# What you are asked to do
In the data below, reproduce everything exactly except the images.

# Information supplied
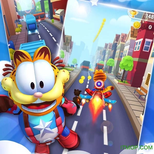 游戏类型。快来与加菲猫一起奔跑吧!
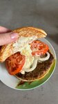 Приготовленный на огне бифштекс из 100% говядины, сочный помидор, свежий нарезанный салат, густой майонез, хрустящий огурчик и свежий лук на мягкой булочке, посыпанной кунжутом
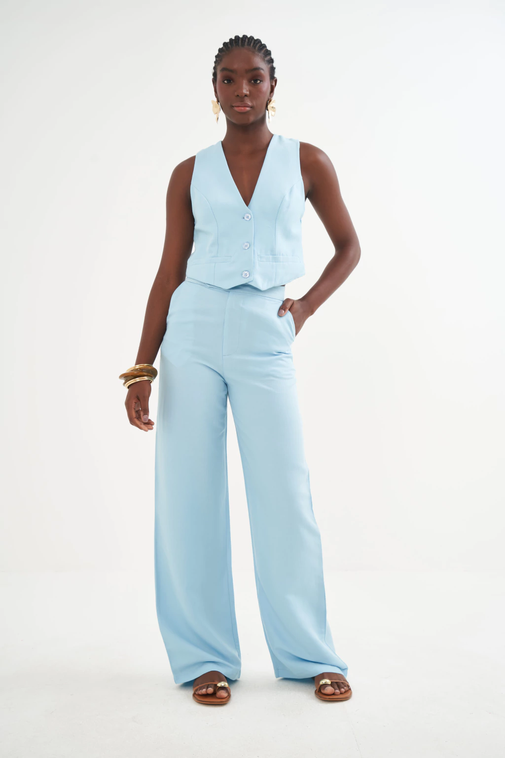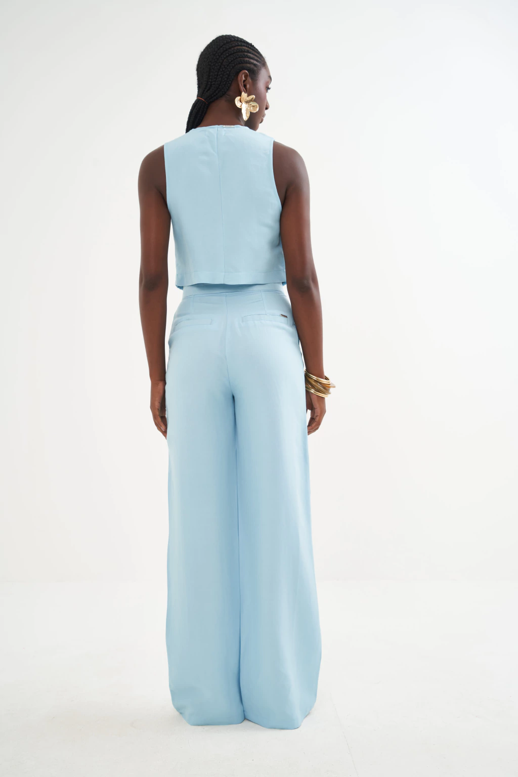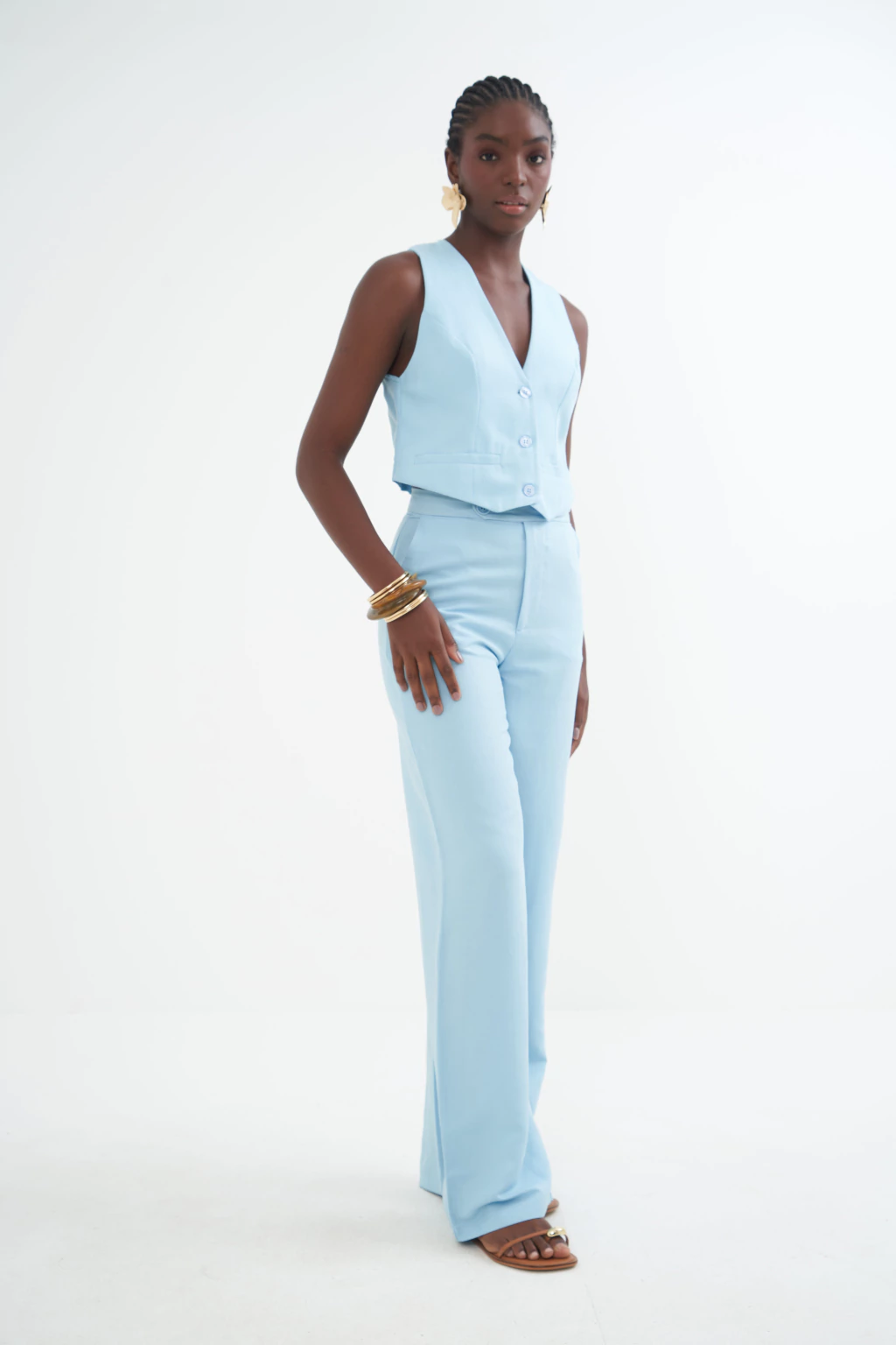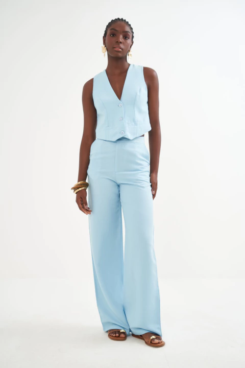 Este colete é a personificação da elegância refrescante que define a coleção RIVIERA. A cor, um azul pastel que evoca a serenidade do céu de primavera, encontra a sofisticação da alfaiataria clássica, criando uma peça versátil e cheia de charme. Feito com o toque nobre do linho, é a escolha ideal para a mulher que busca um visual autêntico, que une o poder e a leveza de forma inovadora.
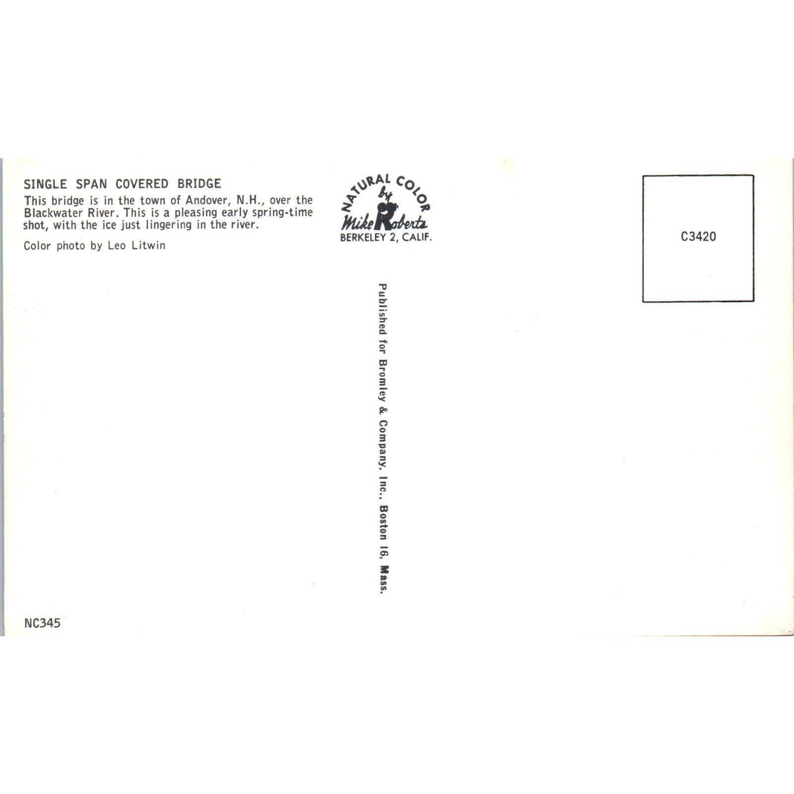 Single Span Bridge Andover New Hampshire Covered Bridge Postcard PB12

# Answer below
 游戏类型。快来与加菲猫一起奔跑吧!
 Приготовленный на огне бифштекс из 100% говядины, сочный помидор, свежий нарезанный салат, густой майонез, хрустящий огурчик и свежий лук на мягкой булочке, посыпанной кунжутом
 Este colete é a personificação da elegância refrescante que define a coleção RIVIERA. A cor, um azul pastel que evoca a serenidade do céu de primavera, encontra a sofisticação da alfaiataria clássica, criando uma peça versátil e cheia de charme. Feito com o toque nobre do linho, é a escolha ideal para a mulher que busca um visual autêntico, que une o poder e a leveza de forma inovadora.
 Single Span Bridge Andover New Hampshire Covered Bridge Postcard PB12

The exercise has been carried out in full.